Claude François: Entrevue très belle de Bernard Estardy

  • 17 years ago
With touching commentary, Bernard EstArdy somehow managed to find many positive things to say, and perhaps He knew more than He could say when He suggested that Claude could only get worse.

CLAUDE FRANÇOIS: posthumously is brilliant, undoubtedly!

The son of an Italian mother and a French father, Claude François was born in Egypt, where his/her father, Aimé Francois, worked as controller of the family.

Ambitious Claude moved where there were occasions to rock in France in order to do it there, like, solo.

Trying to draw benefit from the American dance “torsion”, Claude François recorded the “torsion of Nabout” which resembled failure.

“made like (girls of the girls of the aka girls…. girls of the girls of Phil Everly), have beautiful right “beautiful one” rocked in vain to the top and sold almost two million copies during the first night.

The career of Claude François continued another French adaptation of an American song. This time, recording “if I had a French hammer” like “silicon hammer”.

He liked the rigour and the precision of and was requested to trace the hair of Elvis, slicked-back, and sequined, that the teenagers tore with exposure.

In 1964 in the motor boat at high speed, Claude François created the new original dance which evoked the idea to expose the female dancers fascinated by the American model of execution.

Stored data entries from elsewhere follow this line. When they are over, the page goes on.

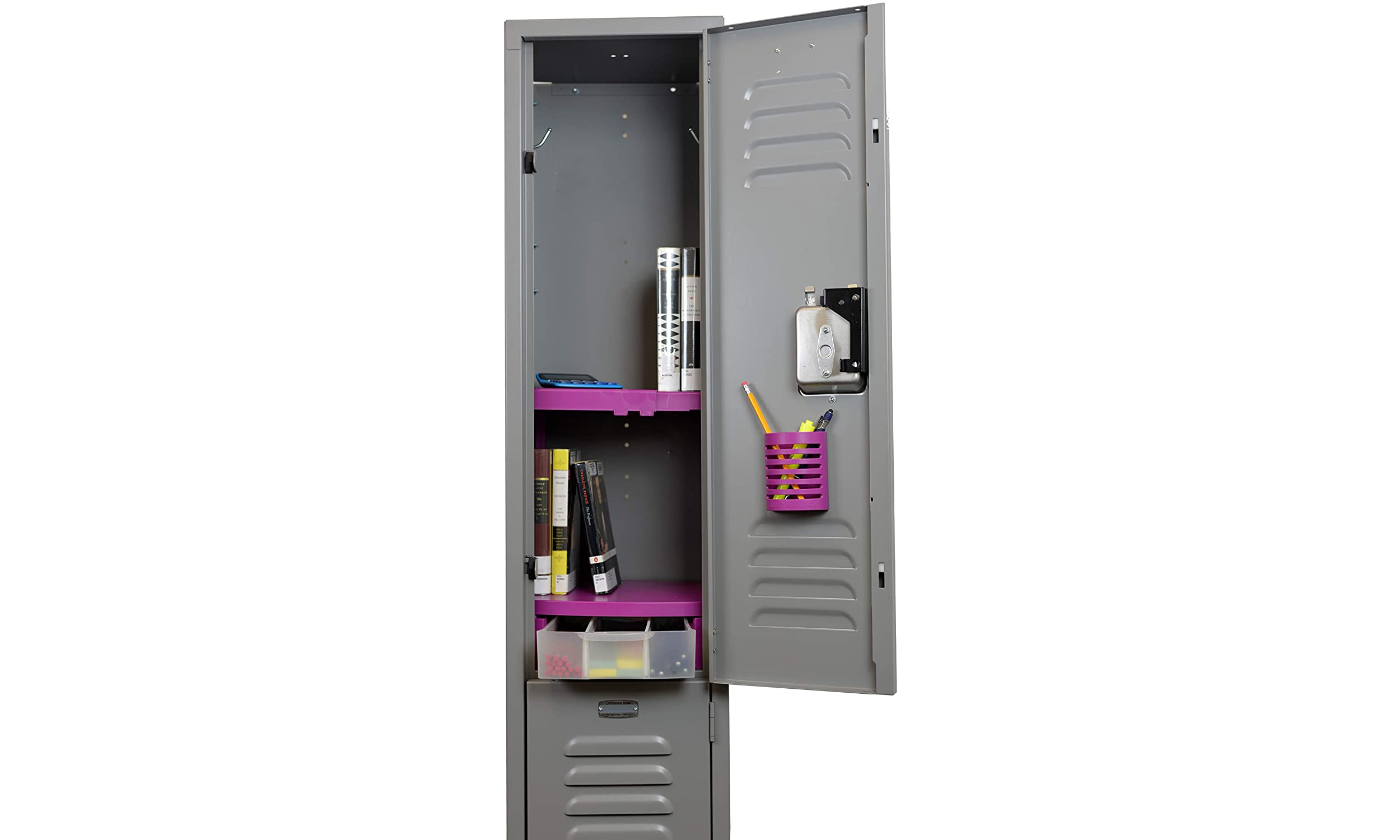 If you are looking for a more versatile solution, the Tools for School Locker Drawer and Shelf sets itself apart from the competition with the amazing design that features a handy 10-inch drawer at the bottom of the unit. With an adjustable height, sturdy plastic construction, and weight-holding capacity of 40 pounds, this shelf is the perfect lightweight solution for standard-size lockers.
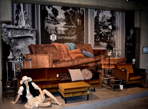 Leuk sfeerplaatje in het Experience Center, waar het label BePureHome wordt geshowd. Voor deze collectie heeft het bedrijf zich laten inspireren door rijke materialen en warme tinten.
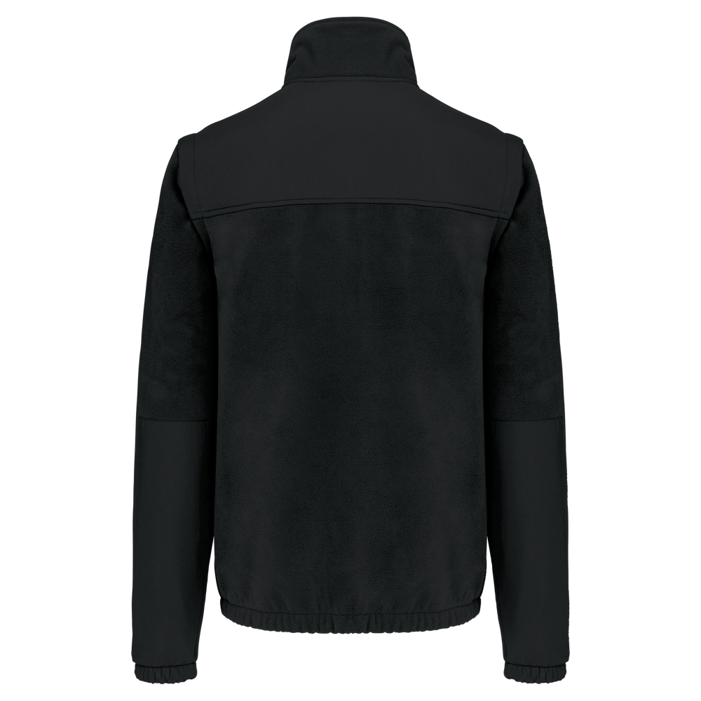 100% polyester. Buitenkant: fleece 100% polyester 400 g/m². Versteviging 100% polyester taslon met acrylcoating. Voering binnenkant mouwen polyester 210T. 2-in-1-fleecejas. 2 ritszakken aan de voorkant en 1 borstzak met klep en klittenband. Toon op toon inzetstukken aan de voor- en achterkant en onderarmen. Eenvoudige personalisatie voor- en achteraan. Afneembare mouwen met voering van polyester, voor meer comfort. Elastische mouw- en jasboorden.
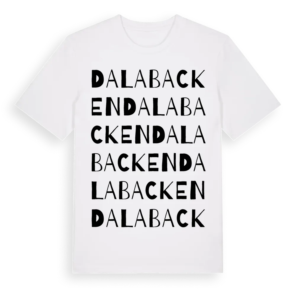 Dalabacken ordlek t-shirt är inspirerad av Dalabacken i Västerbottens län, Sverige. Tröjan är designad för dig som har en speciell koppling till platsen – oavsett om du bor här, har rötterna här eller bara älskar Dalabacken.

A French model's romantic balls did the energetic work in return to eight musicians of spectacular orchestras in Switzerland.

On Saturday March 11, 1978 in Paris, on “Go Sunday”, whereas to be held on a bath-tub filled of broken bulb, its obsession documented well with incited it to test and electrocute accidentally only its public French to hold the first role.

The tomb of Claude François close to the village of Dannemois in the south of the Essonne of Paris was a place where he liked to escape his memory in front of the building where he died.